Burjuva partilerinin propagandada toplumun gözünden kaçırdıkları nesnel durum, maddi temel yani kapitalizmin maddi yasaları iktidara geldiklerinde en katı bir şekilde karşılarına çıkar. Kapitalizmin nesnel yasalarını “tanrı yasası” sayan bu partiler, emekçilere verdikleri vaatleri bir kenara bırakırlar. Bununla birlikte tamamen “yalancı çıkmamak” için bazı vaatleri karşılamaları gerektiğinde hemen karşıt etkiler devreye girer. Örneğin hükümet, emekçilerin tepkilerini hafifletmek için zorunlu olarak asgari ücreti arttırdığında, sermayedarlar hemen ücretlerin yüksekliğinden, maliyetin pahalılığından, rekabet koşullarının zayıflamasından yakınırlar. Bu durumda devlet ya bu ücretlerin bir kısmını kendisi öder ya da sermayedarların ödediği vergilerin bir kısmını kaldırır. Her iki durumda da toplumu bekleyen şey, vergilerdeki yeni bir artışla, ücretlerdeki yükselişin maliyetinin, patronlardan alınıp tüm toplumun, özellikle de emekçilerin sırtına yüklenmesidir. Ücretlerin yükselmesi durumunda devreye girebilecek bir diğer etken de enflasyonun yükselmesidir. Bir taraftan enflasyon, diğer taraftan vergilerdeki artış, ücretleri tekrar alışıldık alım gücü sınırlarına çeker.

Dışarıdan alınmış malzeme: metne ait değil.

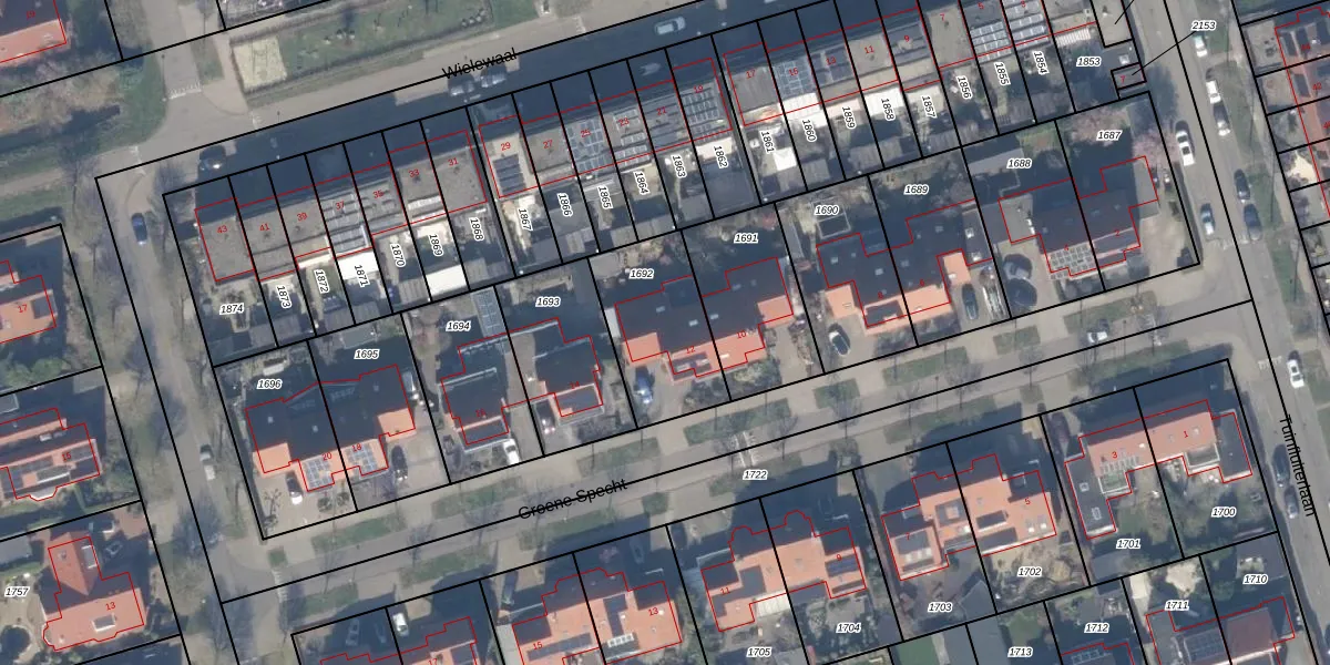Het perceel waarop Groene Specht 12 staat heeft een oppervlakte van 396 m². Dit is een groot perceel. De perceeloppervlakte wordt geregistreerd door het Kadaster. Gedetailleerde informatie over de maten van dit perceel kunt u vinden in het rapport Kadastrale kaart met maatvoering van Groene Specht 12.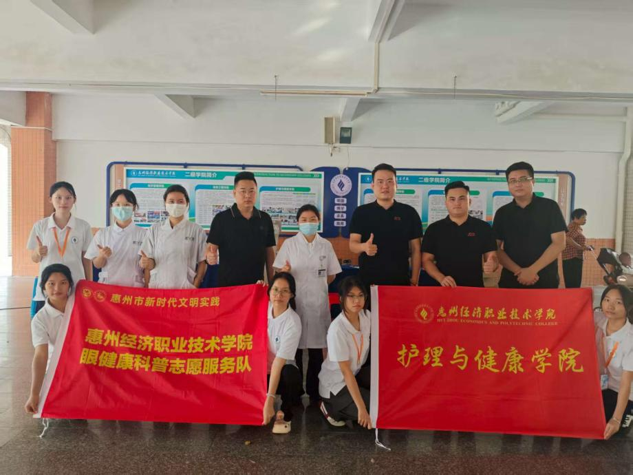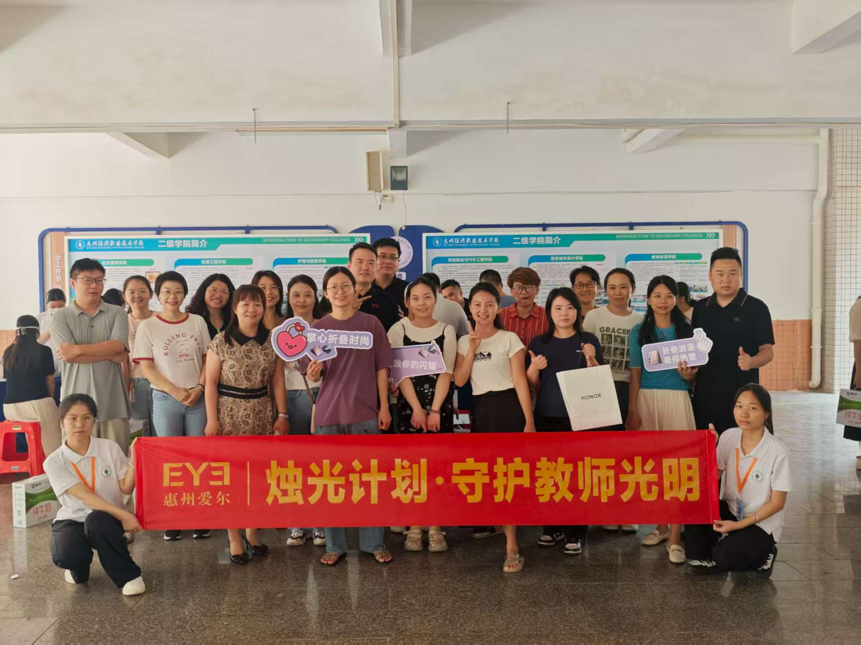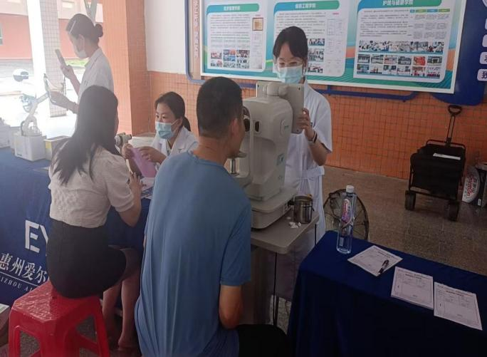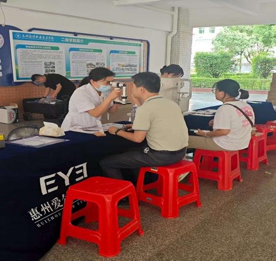 在第41个教师节来临之际,为深入践行“我为群众办实事”的初心使命,9月9日下午,护理与健康学院联合惠州爱尔眼科医院、学校工会在第一教学楼一楼开展“爱尔眼睛”公益活动,针对教师群体长期伏案、用眼强度大的特点,特定制“教师眼健康套餐”服务。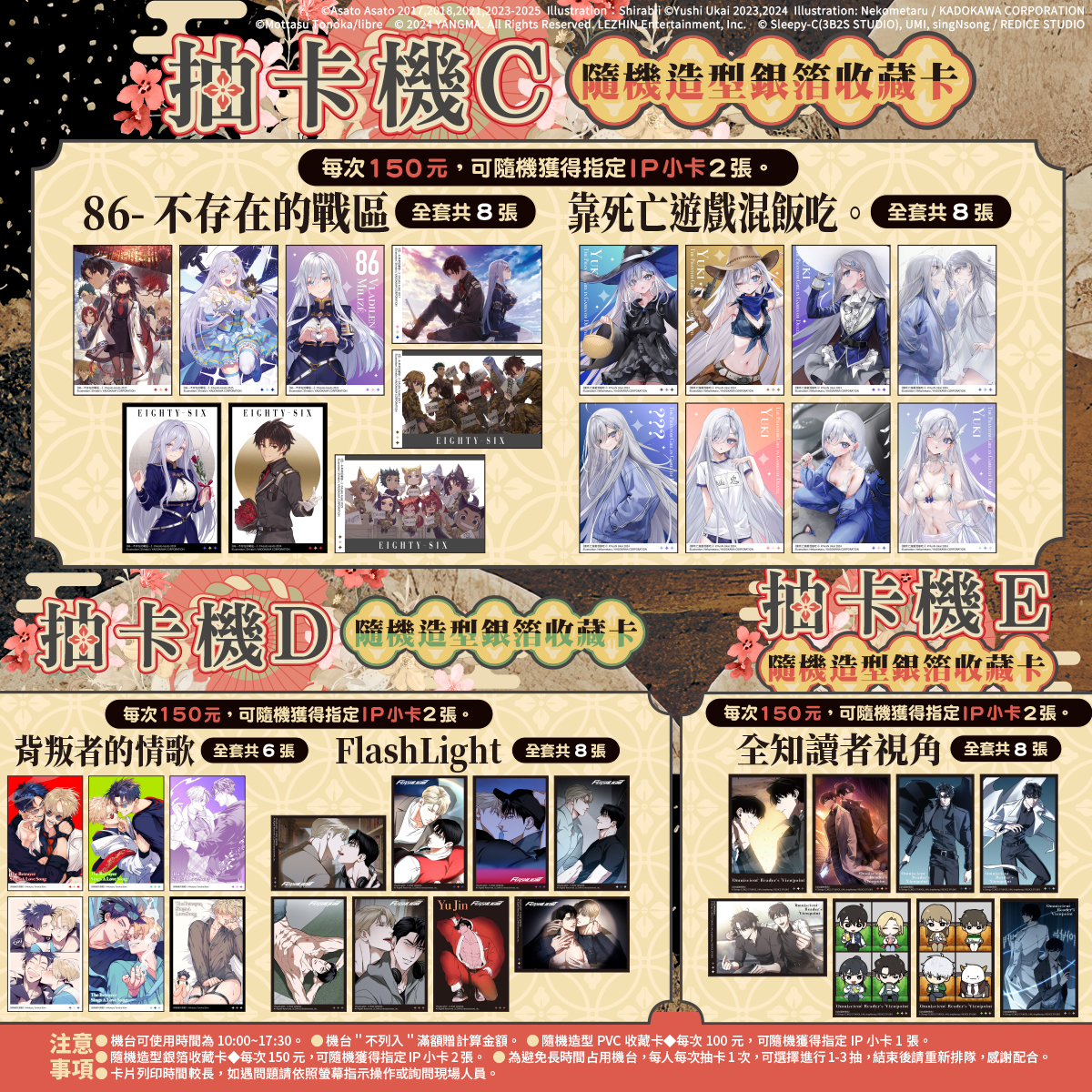 全場最吸睛的驚喜角落,今年抽卡機再添新作品!A~E五大機台九部超人氣 IP!其中抽卡機A為台灣人氣原創作品《Madder & Teal》!本次特別邀請作者 海塩子老師為會場機台親自繪製全新圖面,這部以音樂與獨特雙色調譜出的治癒系戀曲,看徐雪與夏月換上新造型,喜愛的粉絲絕對不能錯過!

Ekonomide durum bu iken, demokratik haklarda da durum çok farklı değildir. Sermaye devleti, sermaye birikimine, kapitalist rekabete “helal getirecek” hiçbir davranışa izin vermek istemez ve tüm kurumlarıyla bu tür gelişimlerin karşısında yer alır. Emekçilerin örgütlenmesi, daha iyi bir yaşam talebi, kent yağmasını ve arazi rantını engelleyecek girişimler, grev, tatil hakkı, kreş hakkı, daha insani koşullarda çalışma talebi, daha insanca yaşanacak bir ücret, iş güvenliği, eşit işe eşit ücret, kamusal nitelikli ve ücretsiz eğitim ve sağlık hizmeti gibi tüm toplumsal demokratik talepler, kârlılığı azaltma potansiyeli taşıyan, rekabet koşullarını zayıflatabilecek taleplerdir. Üstelik bu talepler, burjuvazinin sınıf iktidarını sınırlama potansiyeli olan ve emekçilerin daha fazla söz hakkı elde etmesini sağlayabilecek gelişmelere sebep olabilmektedir. Sonuçta demokratik haklar da ekonomik haklar gibi mevcut sistem içinde güdük kalmaya mahkûmdur. Dönemsel bazı iyileşmeler ve denge durumları, sınıflar mücadelesinin keskinleşmesi sonucu bazı hakların iyiden iyiye genişletilmesi geçici bir durumu ifade etmektedir. Bu denge durumu ya mevcut sistemin temelinden bir değişikliğe gitmesiyle ya da sermayenin tüm fırsatları kollayarak tekrar eski gücüne kavuşmasıyla sonuçlanır. Bu geçici durumun ne kadar süreceği tamamen bu süreci belirleyen dinamiklere (sınıfların güç dengelerine) bağlıdır.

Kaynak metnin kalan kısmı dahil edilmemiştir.